Investors and Federal Reserve officials are at odds over the path of US interest rates this year, widening a gap between the forecasts of policymakers and market expectations.

Markets suggest the central bank will back off and reverse its months-long campaign to raise interest rates, the most aggressive since the 1980s. Senior Fed officials insist it will hold firm.

The divergence reflects beliefs about future inflation, which has cooled in recent months but remains high by historical standards. “There is a very clear disconnect and it is a disconnect about inflation,” said Priya Misra, head of rates strategy at TD Securities.

Most Fed officials have endorsed raising the benchmark federal funds rate above 5 per cent and maintaining that level until at least the end of the year in order to cool the economy enough to get inflation under control.

Futures markets indicate the Fed will stop short, capping its policy rate between 4.75 per cent and 5 per cent, before implementing half of a percentage point’s worth of interest rate cuts from peak levels by December. By the end of 2024 the fed funds rate will fall as low as 2.8 per cent, according to market prices, roughly a full percentage point below what Fed officials projected in December.

Bets on lower rates have proliferated as investors have lowered their inflation expectations. On Friday the one-year US inflation swap, a derivatives contract that reflects inflation expectations for a year from now, was 1.77 per cent, its lowest level in more than two years, according to Refinitiv.

Another market measure, the so-called one-year break-even inflation rate, currently stands at 2 per cent.

Ajay Rajadhyaksha, global chair of research at Barclays, said: “The market does genuinely believe that inflation will come down more quickly than the Fed expects it to. The Fed believes that it is very difficult for inflation to come down without the labour market softening, but the market isn’t convinced.”

Fed officials have sought to curb speculation that they will soon change course even though some favour slowing the rate of increase to a quarter of a percentage point at their next meeting, which ends on February 1.

In the past week senior policymakers — including Lael Brainard, the Fed vice-chair and John Williams of the New York Fed — repeated that the central bank will “stay the course” on further rate increases.

The Fed’s preferred measure of inflation — the core personal consumption expenditures price index — stands at 4.5 per cent, down from its peak of 5.4 per cent last year but more than double the central bank’s 2 per cent target.

Central bankers are chiefly concerned about inflation in the services sector, which they worry will take longer to wring out than price pressures tied to the commodities shock triggered by the war in Ukraine and supply chain blockages linked to the Covid-19 pandemic.

“We do not want to be head-faked,” Christopher Waller, a Fed governor, said on Friday. He later said: “Inflation is not going to just miraculously melt away. It’s going to be a slower, harder slog to get inflation down, and therefore we have to keep rates higher for longer and not start cutting rates by the end of the year.”

Market expectations do not imply consensus on Wall Street. “I do not believe that there will be a rate cut in 2023,” said Ron O’Hanley, chief executive of State Street, the US custody bank. “There will be a moderating pace of rate increases.”
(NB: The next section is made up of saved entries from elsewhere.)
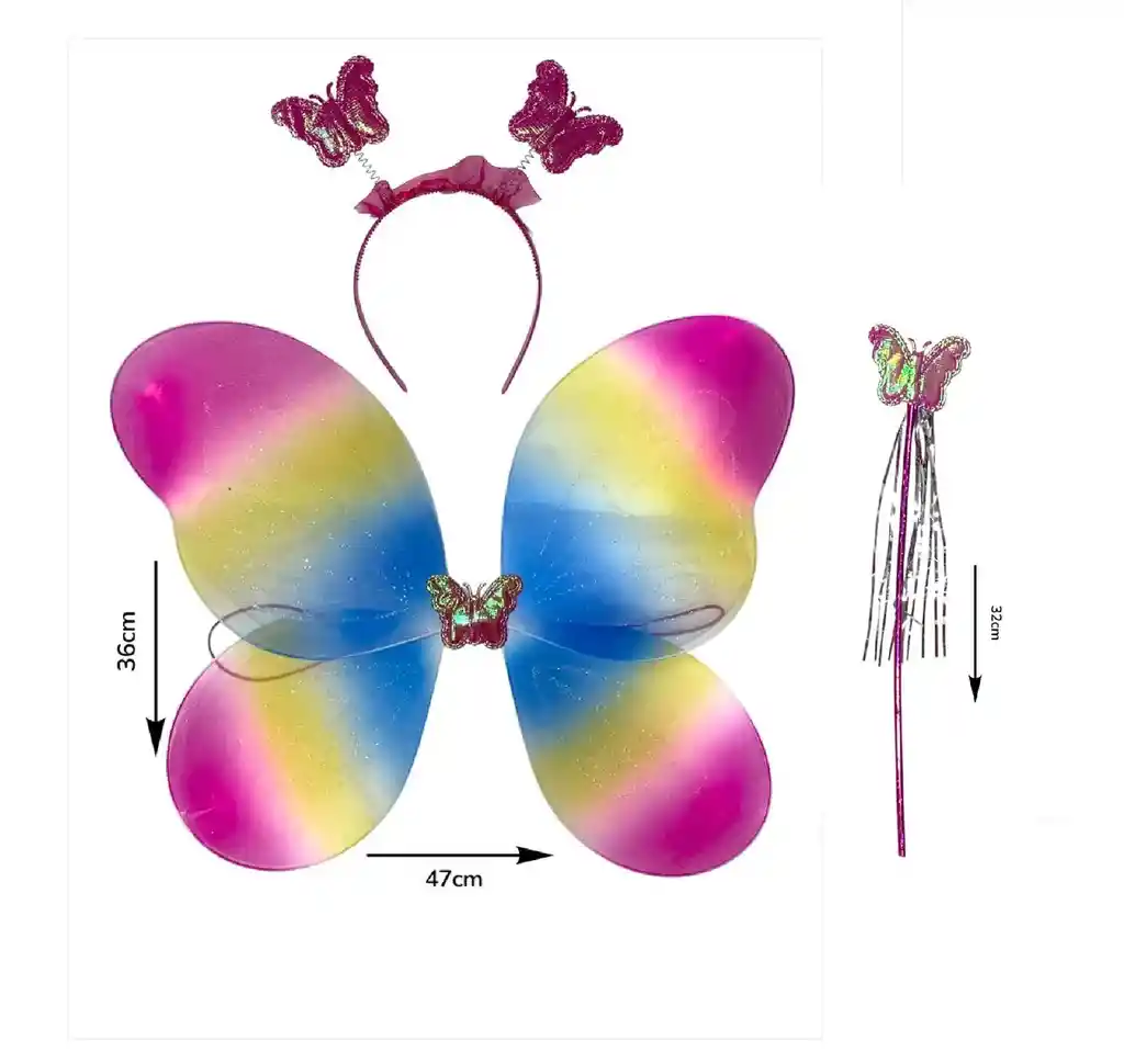 SET DE MARIPOSA 3 PIEZAS ALAS, DIADEMA Y CETRO REF 0169 HALLOWEEN. Sus medidas aproximadas son ALAS: 36 cm de alto x 47 cm de ancho. CETRO: 32 cm alto.
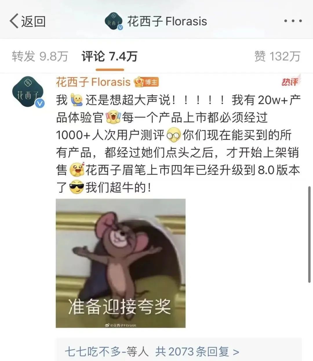 从花西子这次“发疯式”公关中可以看出,花西子不仅没有吸取李佳琦的教训,也没有学到蜂花的长处,依旧喊着“一代有一代的使命”的大话,依旧问出“真的有人拿克重衡量眉笔价值吗”的废话,这无疑是想以宏大的命题掩盖自身的缺点,以教育消费者的姿态来反击消费者,如此操作只会让品牌离消费者越来越远。
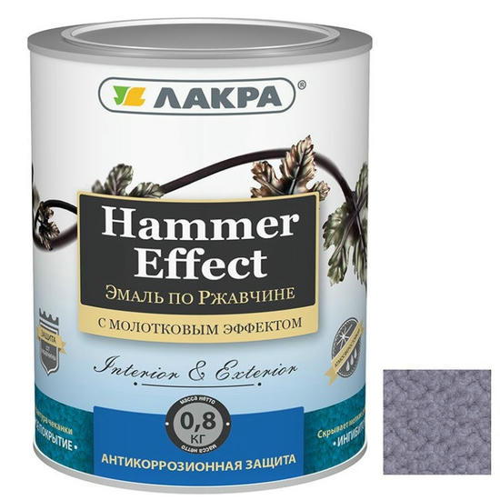 Эмаль по ржавчине Лакра Hammer Effect молотковая синяя – высококачественная эмаль на основе алкид-стирольной смолы, сочетает в себе свойства антикоррозионного грунта и декоративной эмали. Применяется для защиты и окраски как чистых, так и ржавых или частично прокорродированных металлических поверхностей с толщиной плотнодержащейся ржавчины до 0,1 мм, а также деревянных поверхностей для создания “молоткового” эффекта. После высыхания образует глянцевое покрытие с характерным рисунком чеканки (молотковый эффект), скрывающее мелкие дефекты поверхности.
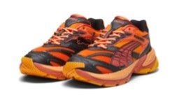 シューズは、フューチャーレトロなY2Kテイストのシューズ「VELOPHASIS(ベロファシス)」をベースにした2モデルが登場します。「VELOPHASIS OVERDYED PLEASURES(ベロファシス オーバーダイ プレジャーズ)」は、オフホワイトカラーにソールの微妙な黄ばみによりオーバーダイ(後染め)加工の美学を継承しています。「VELOPHASIS LAYERS PLEASURES(ベロファシス レイヤー プレジャーズ)」は、大胆なオレンジ、イエロー、ブラックのカラーブロッキングをミックスしたモデルで、「VELOPHASIS OVERDYED PLEASURES」と対照的なカラーのモデルに仕上げています。
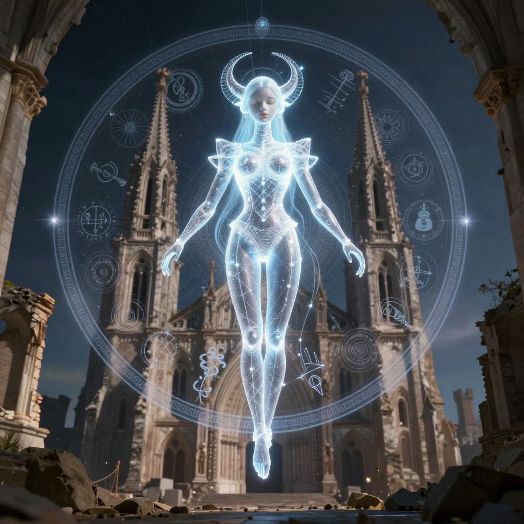 A astral marionette featuring an phosphorescent guardian set against a backdrop of ruined cathedral suspended in orbit. Surrounded by intricate patterns and ancient symbols, this scene conveys a sense of wonder, beautifully illuminated to highlight its flawless features.
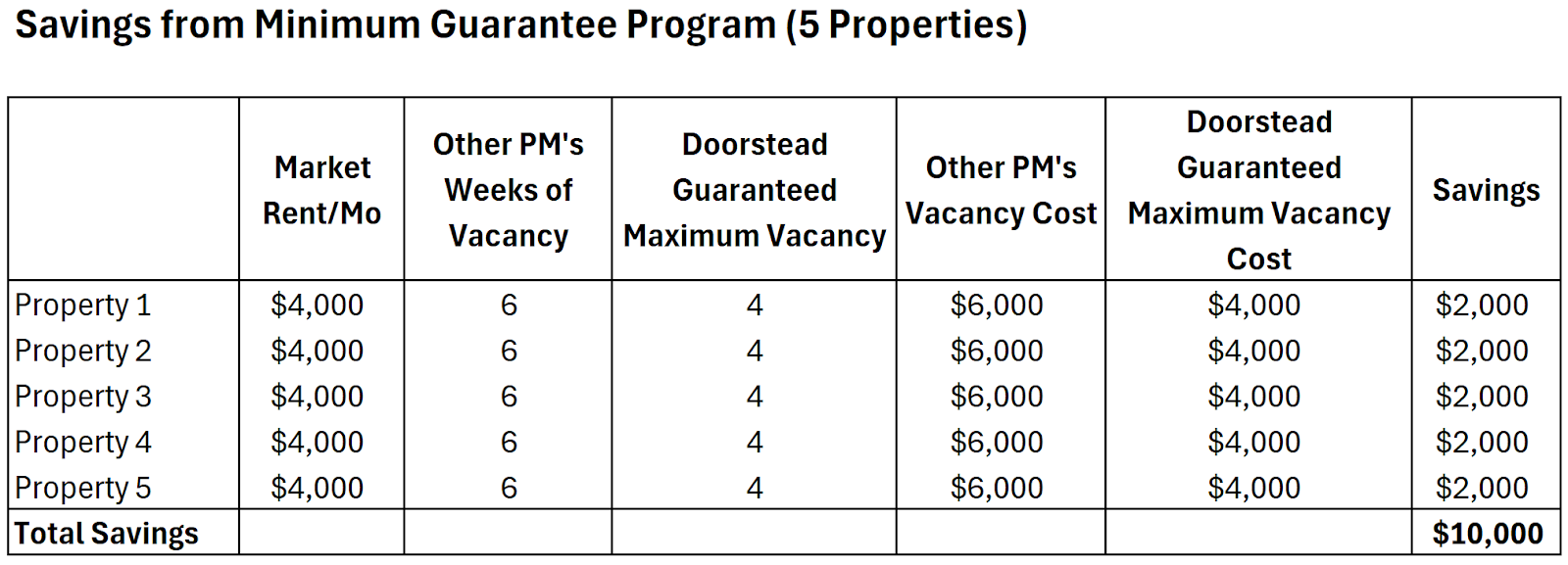 This results in $6,000 in annual savings from Doorstead’s minimum guarantee program for an owner with 3 properties.
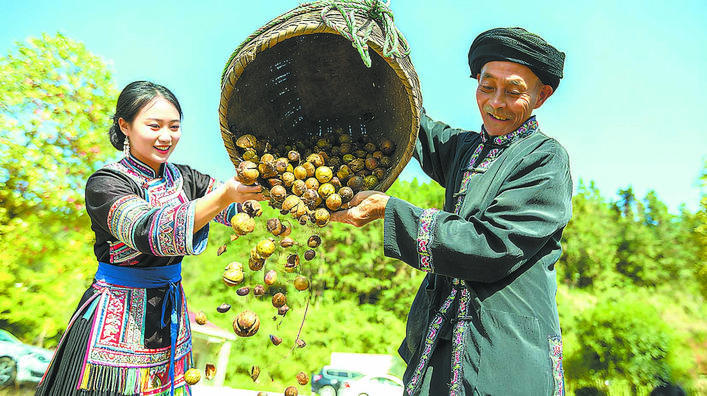 白露之后,来凤县百福司镇兴安村漫山遍野的油茶果飘香,村民正在采收油茶果。(通讯员 张 杏 摄)
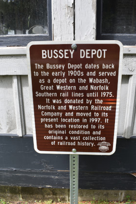 The Bussey depot sign. Now we would find the covered bridge in this park.
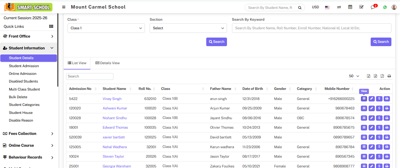 Student list will be open in below, now open the student profile, by click on View icon or student name.
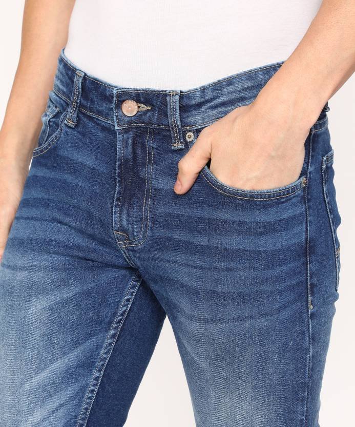 Product Details Style Code ECSKN-01BB-033 Ideal For Men Suitable For Western Wear Pack Of 1 Pocket Type Coin Pocket, Curved Pocket, Patch Pocket Reversible No Sales Package 1 Jean Closure Button Fabric Cotton Blend Faded Light Fade Rise Low Rise Distressed Clean Look Stretchable Yes Color Dark Blue Fly Zipper Fabric Care Do Not Tumble Dry || Wash With Like Colors || Do Not Bleach || Do Not Wring
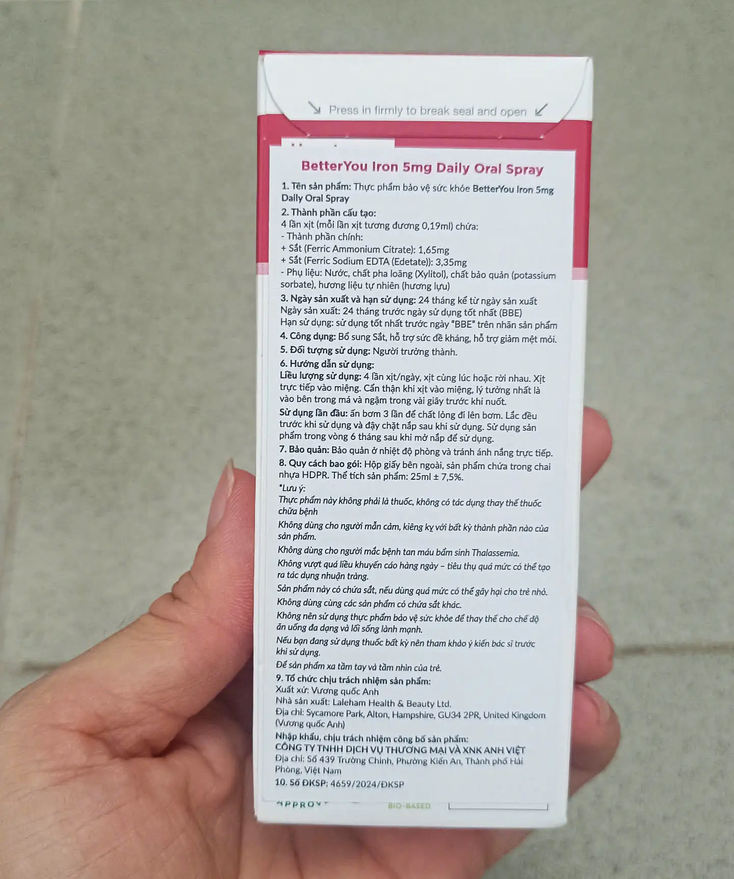 Sắt xịt Better You Iron Daily Oral Spray của Anh cho bé từ 1 tuổi
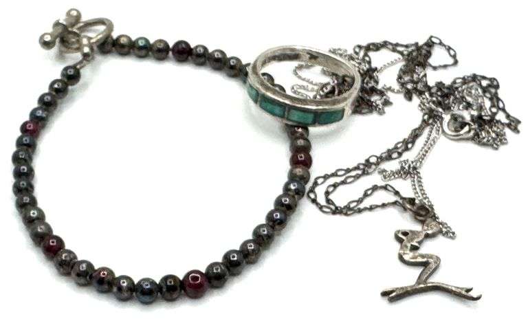 Sterling Silver Turquoise Inlay Ring, Beaded Bracelet, Pendant and Chains. Ring is size 6.5, all items are stamped sterling or 925. Total combined weight of 0.42oz. (GR2)
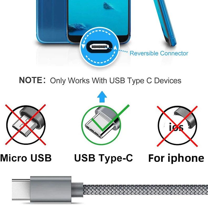 【Широкая Совместимость 】 usb-кабель A-USB C идеально совместим с Samsung Galaxy amsung Galaxy Note, LG, Moto, Google Pixel и другими смартфонами и планшетами USB C.

However, many investors have taken heed of recent data which show economic activity slowing and other signs that US consumer spending is starting to take a hit.

“The market is pricing cuts as there is high conviction the data will turn weak,” said Kavi Gupta, co-head of rates trading at Bank of America.

The most recent US employment data, which showed a slowdown in wage growth, has also added to the market’s conviction that inflation will drop significantly.

The jobs and wages data are “the last piece you needed to see to be convinced that the decline in inflation is sustainable”, said Eric Winograd, an economist at AllianceBernstein.

Still, Winograd said, “there is a lot of hope embedded in market expectations of a rapid decline in inflation”.